Upload a photo, and choose some questions such as “How old do you think I am?” or “Do I seem trustworthy?” Within a couple hours, you will have detailed statistics about how people feel about the picture you provide. It’s like market research for the individual. And it’s free!

It’s market research for the individual! Not some shallow exercise for the insecure!

The site’s most addictive feature is its request that face-judgers use a single word to describe each photo. This leads to all sorts of creativity and randomness. My own photo was tagged with the following adjectives: “ewwwww,” “sailor,” “bored,” “BritishCute” (I assume that’s a good thing), “insane,” “boring,” “lol,” “forehead,” “Gentleman,” “contrasting,” and “LeeHarveyOswald!!!!!!” The crowd did display some wisdom by guessing my age and political orientation correctly.

To date, Facestat has collected 16,818,344 judgments on 126,090 faces. The people behind the site, a group of programmers called Dolores Labs, have played with the data in fun ways. They noted which pairs of tags tend to appear togetherathletic and driven, gay and cowboy, old and sour, young and uninterested. They’ve also built a graphical explorer, with which you can follow the webs of adjectives for an entire afternoon. The promise of accurate “market research” hasn’t been totally fulfilled. Looking around the site, I’ve found the crowd-sourced judgments to be fickle. For every person who thinks you’re “not bad,” there’s another that thinks you’re phony—or worse.

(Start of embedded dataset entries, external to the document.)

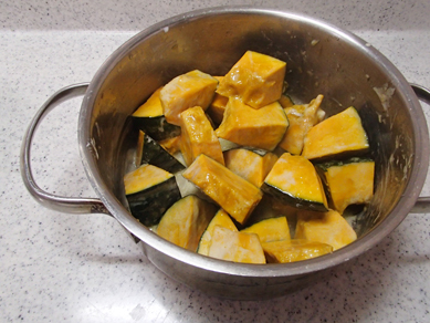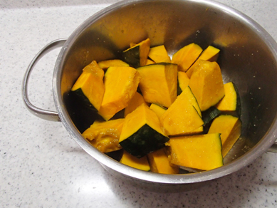 ・かぼちゃは、ひと口大に切る。
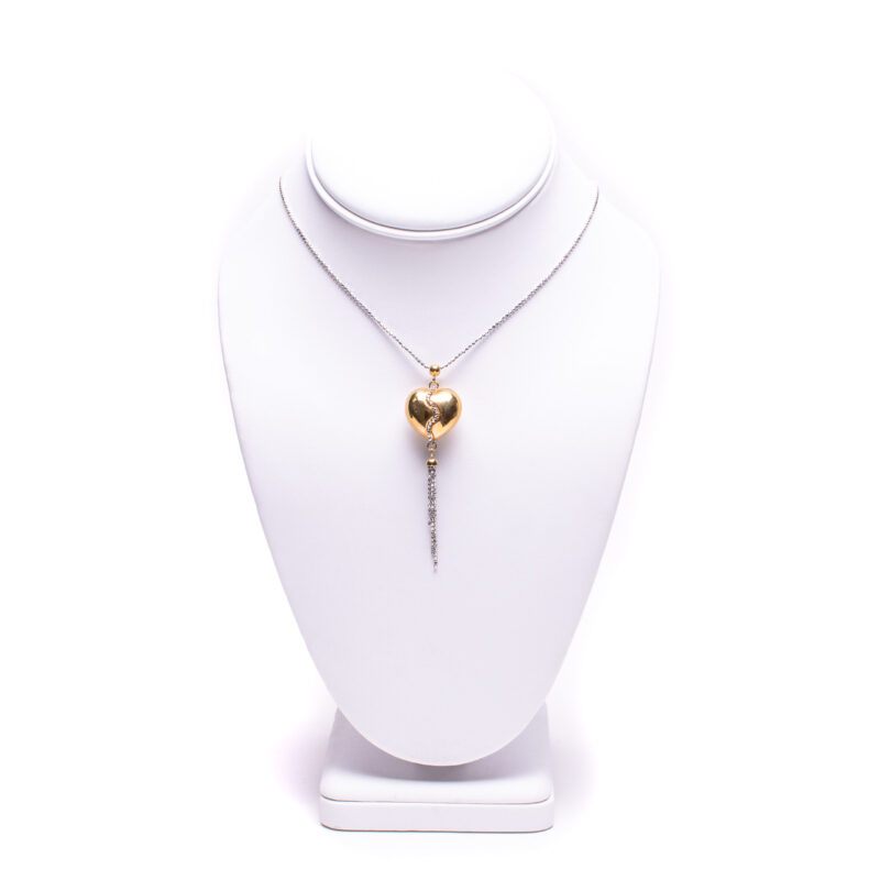 Here we have a brand new never worn ladies two-tone gold & natural diamond necklace.
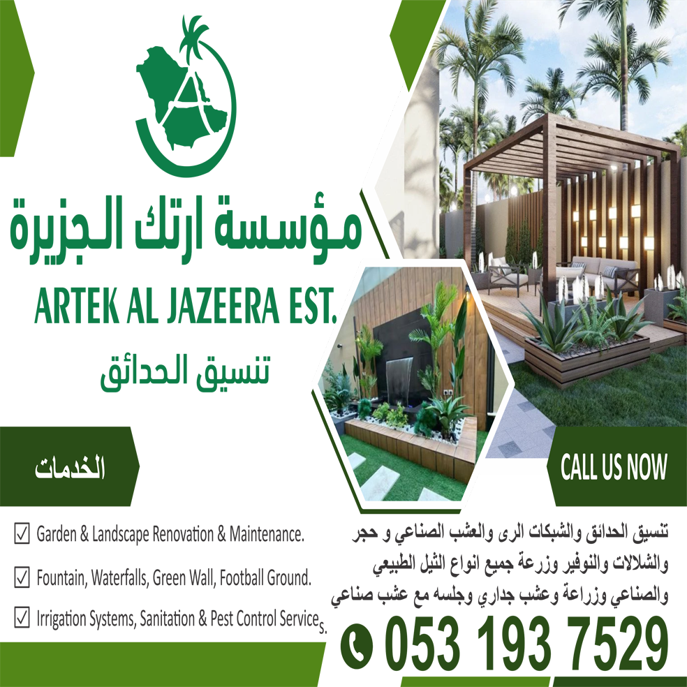 مؤسسة ارتك الجزيرة - تنسيق الحدائق والشبكات الرى
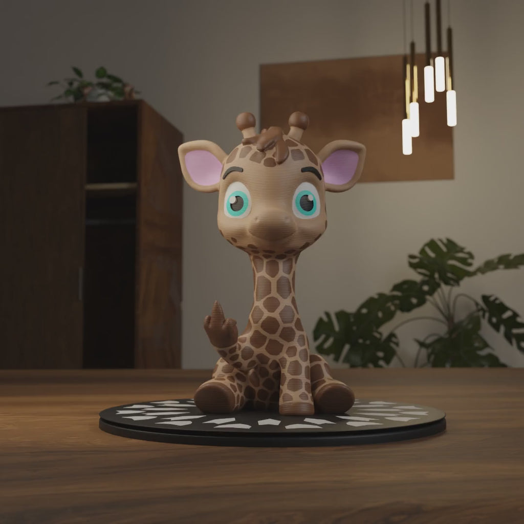 This is Milo the Giraffe 🦒. With his big bright eyes and innocent smile, Milo looks like the sweetest little guy around. But don’t be fooled—behind that cute face is a giraffe with opinions, and he’s not afraid to show them. His favorite way? One cheeky finger, held high with pride.

So it seems that you, Internet person, are left with two options: Just pick a photo and go for it, or go the arty/ironic route. It’s not as if you can stay hidden forever. Eventually someone will upload you to Flickr or tag you in a wedding pic wearing an unflattering, unchosen color. My own half-solution: I took a photo and ran it through something called the Face Transformer that created a manga version of myself. It’s me, but it’s not really me. That’s kind of how it feels to be online.